PROBLEM REQUIREMENTS ▸
Word for word, copy the lines beginning at the one with "Universitatea Pedagogică de" and ending at the last line below; pictures stay out.

COLLECTED DATA ▸

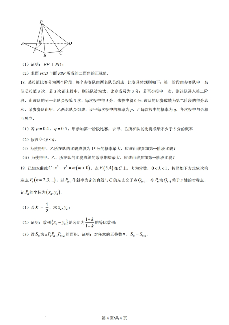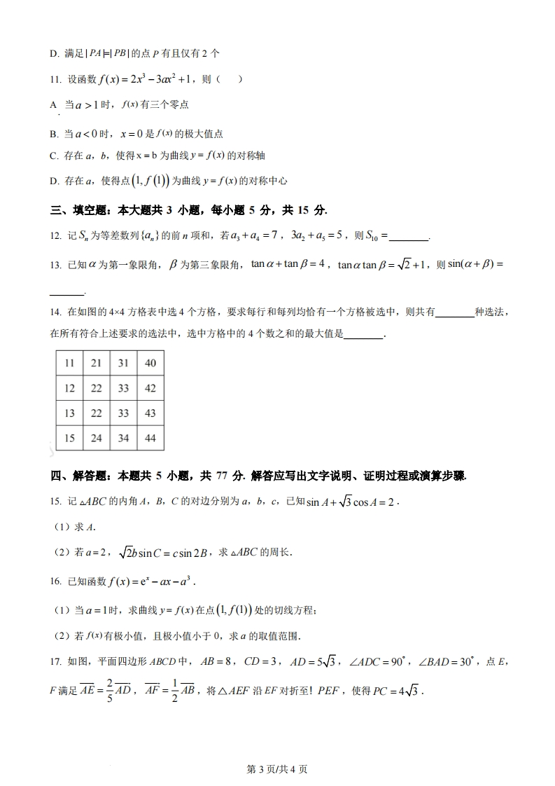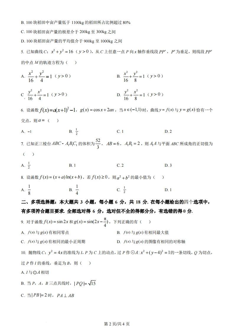 2024年普通高等学校招生全国统一考试(新课标Ⅱ卷)数学本试卷共10页,19小题,满分150分.注意事项:1答题前,先将自己的姓名、准考证号、考场号、座位号填写在试卷和答题卡上,并将准考证号条形码粘贴在答题卡上的指定位置.2.选择题的作答:每小题选出答案后,用2B铅笔把答题卡上对应题目的答案标号涂黑写在试卷、草稿纸和答题卡上的非答题区域均无效3.填空题和解答题的作答:用黑色签字笔直接答在答题卡上对应的答题区域内.写在试卷、草稿纸和答题卡上的非答题区域均无效4.考试结束后,请将本试卷和答题卡一并上交一、单项选择题:本大题共8小题,每小题5分,共40分.在每小题给出的四个选项中,只有一个选项是正确的.请把正确的选项填涂在答题卡相应的位置上,1.已知z=-1-i,则()A.0B.1c.5D.22.己知命题p:x∈R,|x+1>1:命题g:3x>0,x3=x,则()A.p和g都是真命题B.一P和q都是真命题C.p和一9都是真命题D.一P和一q都是真命题3.已知向量a,6满足同=l,+2=2,且(6-2a)16,则l=()A.522D.14.某农业研究部门在面积相等的100块稻田上种植一种新型水稻,得到各块稻田的亩产量(单位:kg)并部分整理下表亩产[900,[950,[1000,[1100,[1150,量950)1000)1050)1150)1200)频数612182410据表中数据,结论中正确的是()A.100块稻田亩产量的中位数小于1050kg第1页共4页B.100块稻田中亩产量低于1100kg的稻田所占比例超过80%C.100块稻田亩产量的极差介于200kg至300kg之间D.100块稻田亩产量的平均值介于900kg至1000kg之间5.己知曲线C:x2+y2=16(y>0),从C上任意一点P向x轴作垂线段PP',P'为垂足,则线段PP的中点M的轨迹方程为()A.2,y2=1(y>0)i6+4B+上=1(y>0)1682+=1(y>0)D.十-=1(y>0).164.1686.设函数f(x)=d(x+1)-1,g(x)=cosx+2ar,当x∈(-1,1)时,曲线y=f(x)与y=g(x)恰有一个交点,则a=()A.-1B.C.1D.27已知正三棱台ABC~4BC,的体积为23,AB=6,4,B=2,则4A与平面ABC所成角的正切值为()A.B.1C.2D.38.设函数f(x)=(x+a)ln(x+b),若f(x)≥0,则a2+b2的最小值为()1.8C.7D.1二、多项选择题:本大题共3小题,每小题6分,共18分.在每小题给出的四个选项中,有多项符合题目要求.全部选对得6分,选对但不全的得部分分,有选错的得0分9.对于函数f(x)=sin2x和g()=sin(2x-乃,下列正确的有()4A.()与g(x)有相同零点B.fx)与g(x)有相同最大值C.(x)与g(x)有相同的最小正周期D.f(x)与g(x)的图像有相同的对称轴10.抛物线C:y2=4x的准线为1,P为C上的动点,过P作⊙A:x2+(y-4)2=1的一条切线,Q为切点,过P作I的垂线,垂足为B,则()A.1与⊙A相切B.当P,A,B三点共线时,|PQ=V15C.当|PB=2时,PA⊥AB第2页共4页D.满足IPAFIPBI的点P有且仅有2个11.设函数f(x)=2x3-3m2+1,则()A当a>1时,(x)有三个零点B.当a<0时,x=0是f()的极大值点C.存在a,b,使得x=b为曲线y=f(x)的对称轴D.存在a,使得点(1,f(①)为曲线y=f(x)的对称中心三、填空题:本大题共3小题,每小题5分,共15分:12.记Sn为等差数列{an}的前n项和,若4+a=7,3a2+a=5,则S0=一13.己知a为第一象限角,B为第三象限角,tana+tanB=4,tanatan B=√2+l,则sin(a+)=14.在如图的4×4方格表中选4个方格,要求每行和每列均恰有一个方格被选中,则共有种选法,在所有符合上述要求的选法中,选中方格中的4个数之和的最大值是11213140122233421322334315243444四、解答题:本题共5小题,共77分.解答应写出文字说明、证明过程或演算步骤15.记△ABC的内角A,B,C的对边分别为a,b,c,己知sinA+√3cosA=2.(1)求A.(2)若a=2,√2 bsinC=csin2B,求△ABC的周长.16.己知函数f(x)=e-ax-a3.(1)当a=1时,求曲线y=f(x)在点(1,f()处的切线方程(2)若(x)有极小值,且极小值小于0,求a的取值范围.17.如图,平面四边形ABCD中,AB=8,CD=3,AD=5√5,∠ADC=90°,∠BAD=30°,点E,满足AE=二AD,AF=)B,将△AEF沿EF对折至IPEF,使得PC=45第3页/共4页
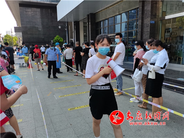 按照全市新冠肺炎疫情防控指揮部的周密部署,8月18日下午,漢濱中心城區(qū)啟動第二次全員核酸檢測工作 。圖為安火路社區(qū)居民在執(zhí)勤民警、醫(yī)務人員、社區(qū)工作者和志愿者的密切配合下,有序開展核酸檢測。(陳榮斌 攝) 4ga安康新聞網(wǎng)
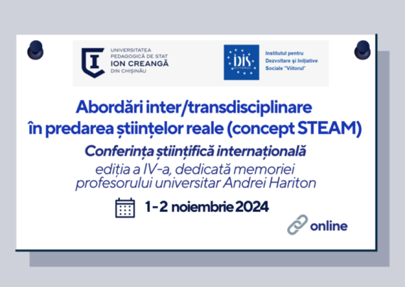 Universitatea Pedagogică de Stat „Ion Creangă” din Chișinău șiInstitutul pentru Dezvoltare și Inițiative Sociale „Viitorul” organizează și Vă invită în calitate de participant activ la Conferința științifică internațională „Abordări inter/transdisciplinare în predarea științelor reale (concept STEAM)”, ediția a IV-a, dedicată memoriei profesorului universitar Andrei Hariton care se va desfășura în […]
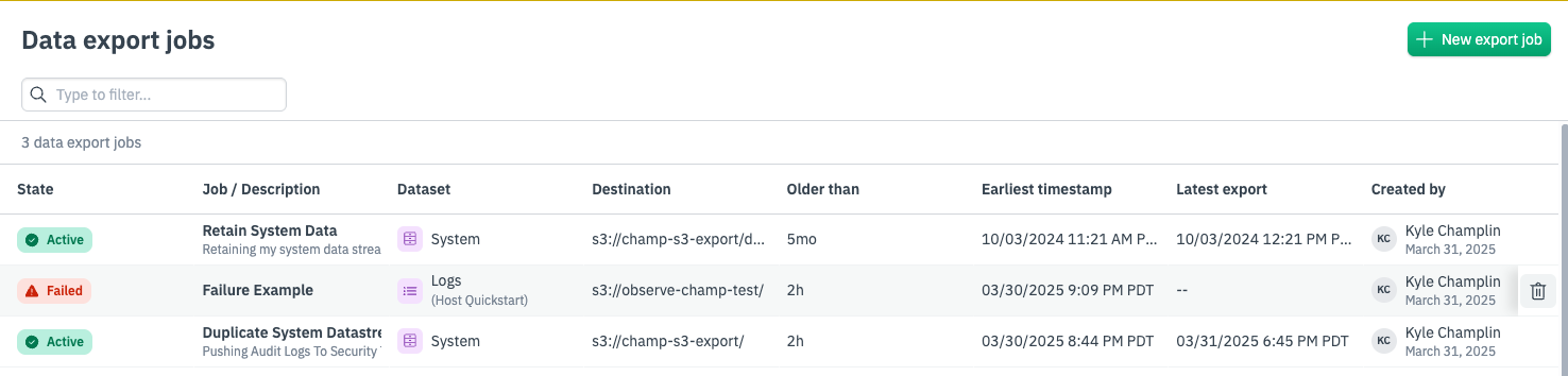 - Earliest timestamp, Latest timestamp: These describe the time range of data that has been exported by the job.

ANSWER FOR THIS EXERCISE ▸
 Universitatea Pedagogică de Stat „Ion Creangă” din Chișinău șiInstitutul pentru Dezvoltare și Inițiative Sociale „Viitorul” organizează și Vă invită în calitate de participant activ la Conferința științifică internațională „Abordări inter/transdisciplinare în predarea științelor reale (concept STEAM)”, ediția a IV-a, dedicată memoriei profesorului universitar Andrei Hariton care se va desfășura în […]
 - Earliest timestamp, Latest timestamp: These describe the time range of data that has been exported by the job.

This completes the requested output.